▸ THE INPUT:
=-=-=

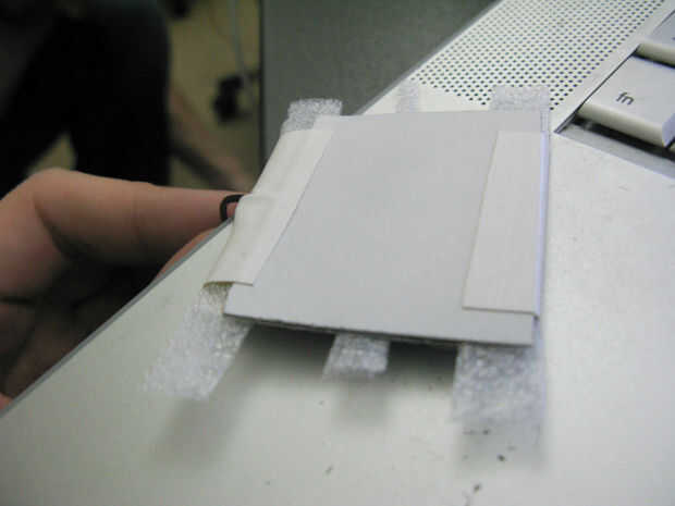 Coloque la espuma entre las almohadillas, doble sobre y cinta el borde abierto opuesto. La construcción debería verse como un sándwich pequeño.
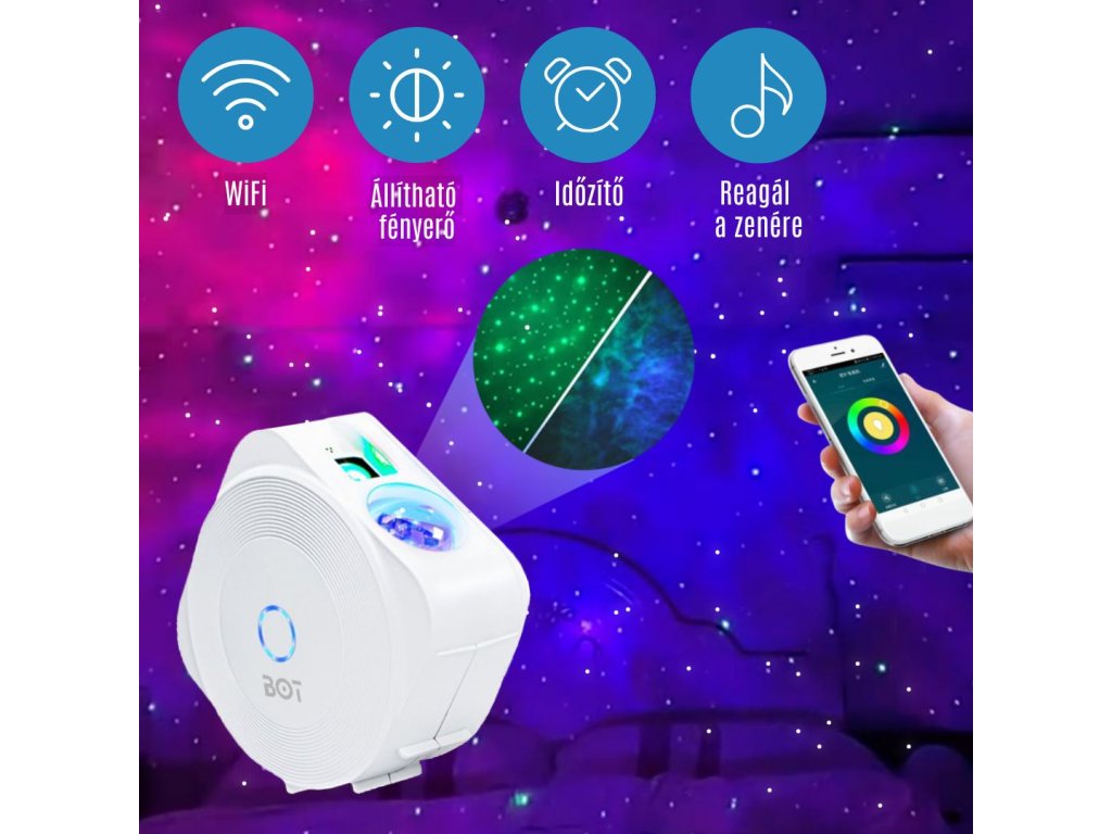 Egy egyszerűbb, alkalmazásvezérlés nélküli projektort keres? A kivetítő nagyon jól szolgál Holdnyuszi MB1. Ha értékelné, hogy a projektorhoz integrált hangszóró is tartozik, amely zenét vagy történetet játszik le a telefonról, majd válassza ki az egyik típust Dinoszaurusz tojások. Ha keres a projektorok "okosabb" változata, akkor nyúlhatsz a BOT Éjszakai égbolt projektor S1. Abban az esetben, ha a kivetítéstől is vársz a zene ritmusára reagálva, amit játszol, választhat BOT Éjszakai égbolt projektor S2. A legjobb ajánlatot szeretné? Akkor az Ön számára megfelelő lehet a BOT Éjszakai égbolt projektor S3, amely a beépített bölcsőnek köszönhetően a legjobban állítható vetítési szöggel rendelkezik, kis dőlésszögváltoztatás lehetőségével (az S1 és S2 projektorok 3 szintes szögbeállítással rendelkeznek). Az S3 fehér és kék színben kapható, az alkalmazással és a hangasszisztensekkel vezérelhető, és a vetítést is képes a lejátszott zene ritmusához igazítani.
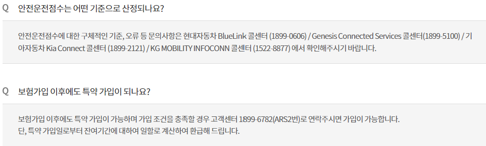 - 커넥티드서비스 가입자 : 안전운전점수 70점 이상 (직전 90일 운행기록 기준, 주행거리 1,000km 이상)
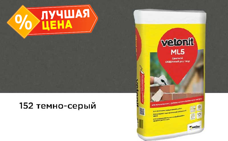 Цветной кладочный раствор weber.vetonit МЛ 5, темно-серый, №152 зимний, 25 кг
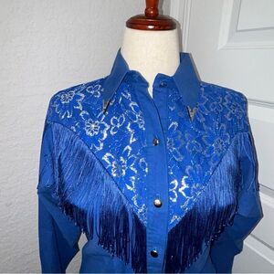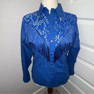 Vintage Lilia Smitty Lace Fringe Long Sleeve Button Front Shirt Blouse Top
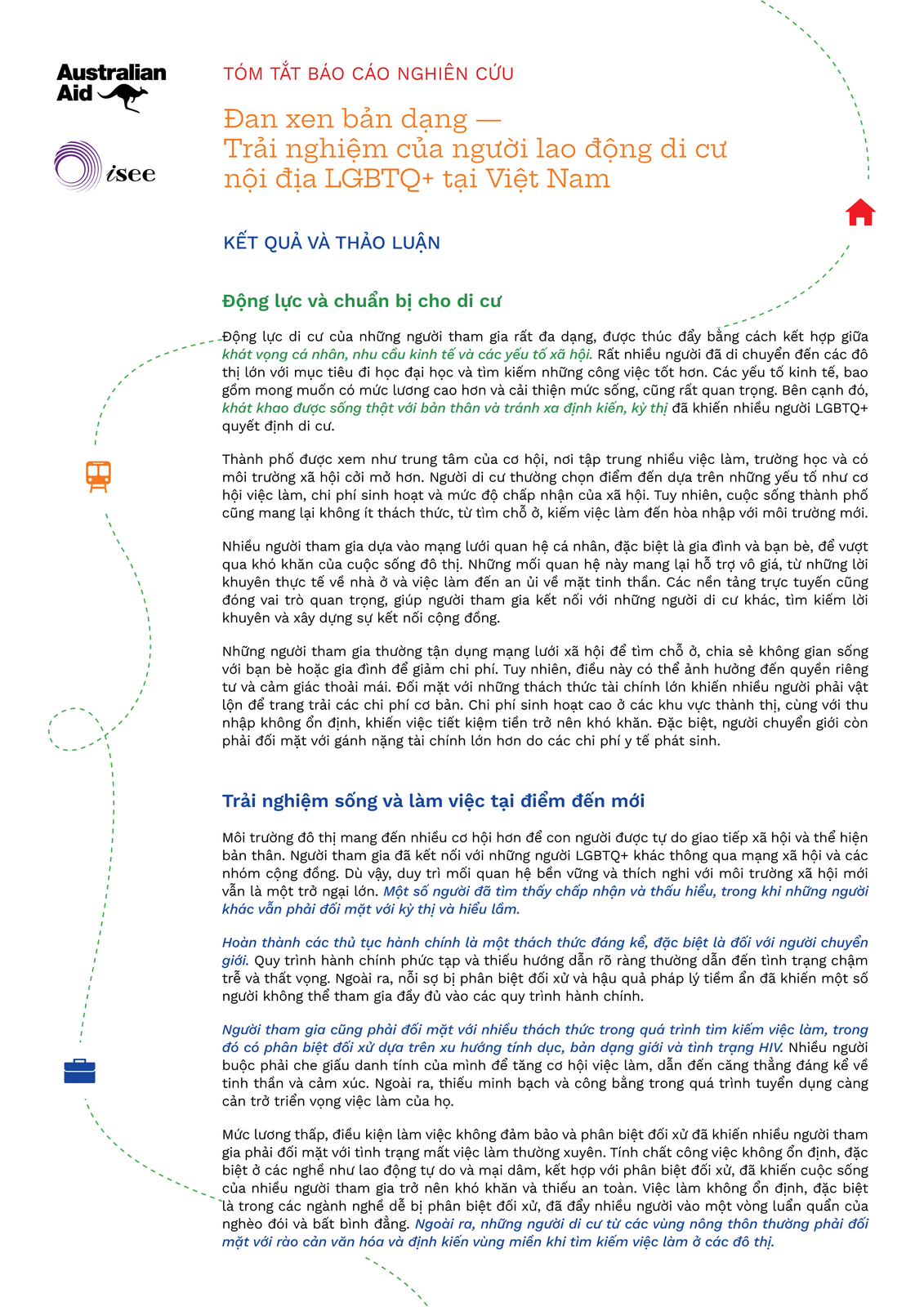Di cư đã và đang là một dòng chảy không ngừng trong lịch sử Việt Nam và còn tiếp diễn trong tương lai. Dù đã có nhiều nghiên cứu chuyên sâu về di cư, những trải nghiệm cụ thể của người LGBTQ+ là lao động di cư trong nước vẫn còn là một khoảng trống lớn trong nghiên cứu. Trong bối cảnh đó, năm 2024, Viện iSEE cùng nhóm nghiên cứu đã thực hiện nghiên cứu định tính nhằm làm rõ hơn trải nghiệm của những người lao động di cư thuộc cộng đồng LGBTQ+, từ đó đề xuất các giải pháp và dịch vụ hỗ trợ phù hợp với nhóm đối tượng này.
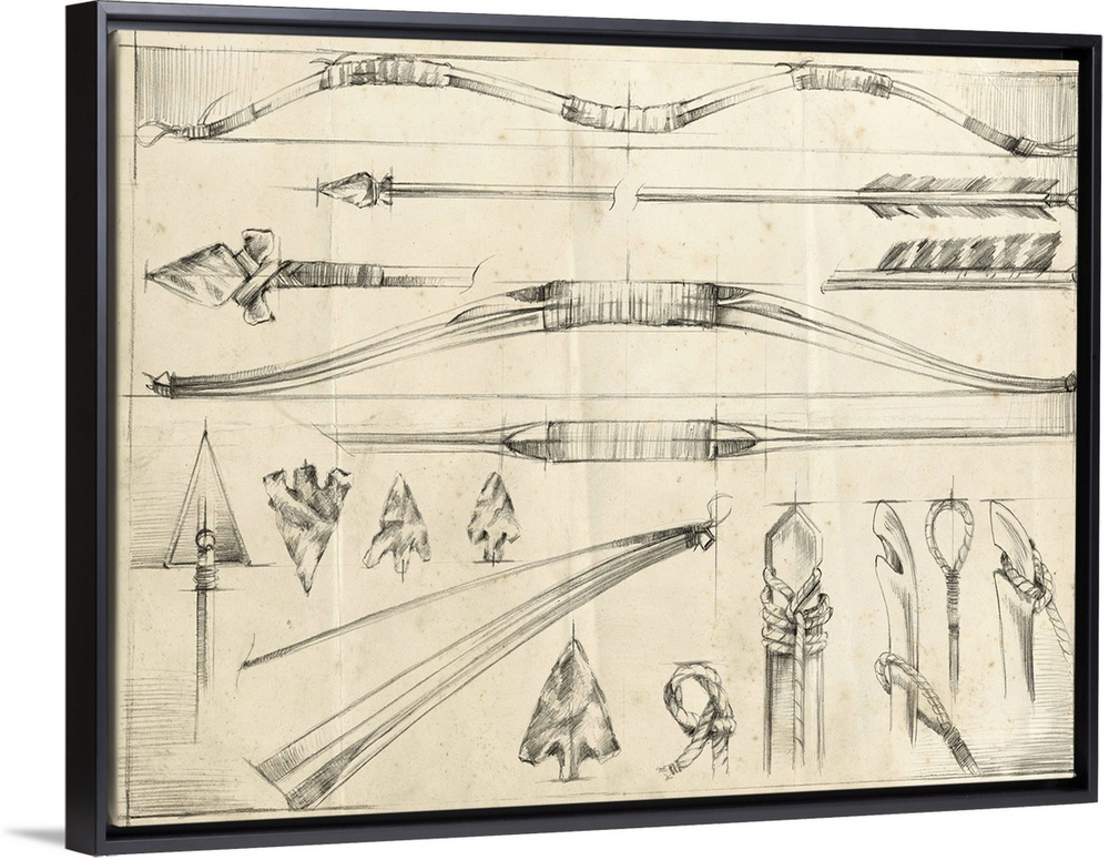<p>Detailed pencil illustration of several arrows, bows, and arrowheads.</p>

=-=-=

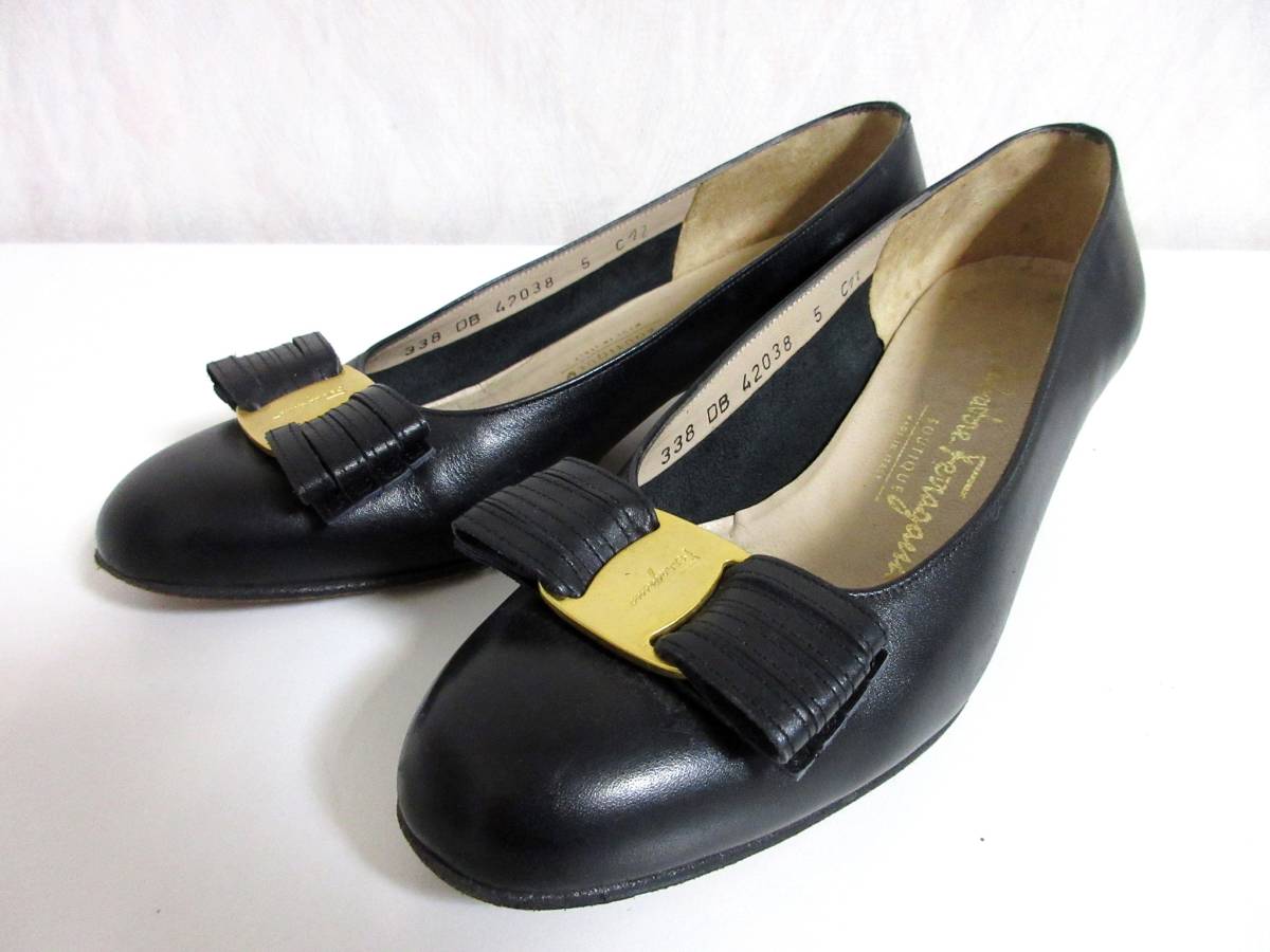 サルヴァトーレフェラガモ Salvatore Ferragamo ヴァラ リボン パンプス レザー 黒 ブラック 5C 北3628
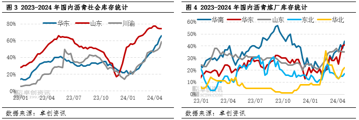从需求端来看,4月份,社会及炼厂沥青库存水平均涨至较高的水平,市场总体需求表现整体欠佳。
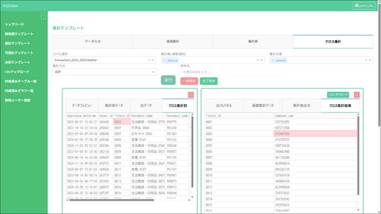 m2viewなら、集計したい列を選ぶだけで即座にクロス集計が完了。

=-=-=

▸ ACTION ITEM: What's needed is an exact copy of the lines above from the one with "从需求端来看,4月份,社会及" through the one with "m2viewなら、集計したい列を選ぶだけで即座にクロス集計が完了。", both included; the pictures stay out.

▸ ANSWER BOX:
从需求端来看,4月份,社会及炼厂沥青库存水平均涨至较高的水平,市场总体需求表现整体欠佳。
 m2viewなら、集計したい列を選ぶだけで即座にクロス集計が完了。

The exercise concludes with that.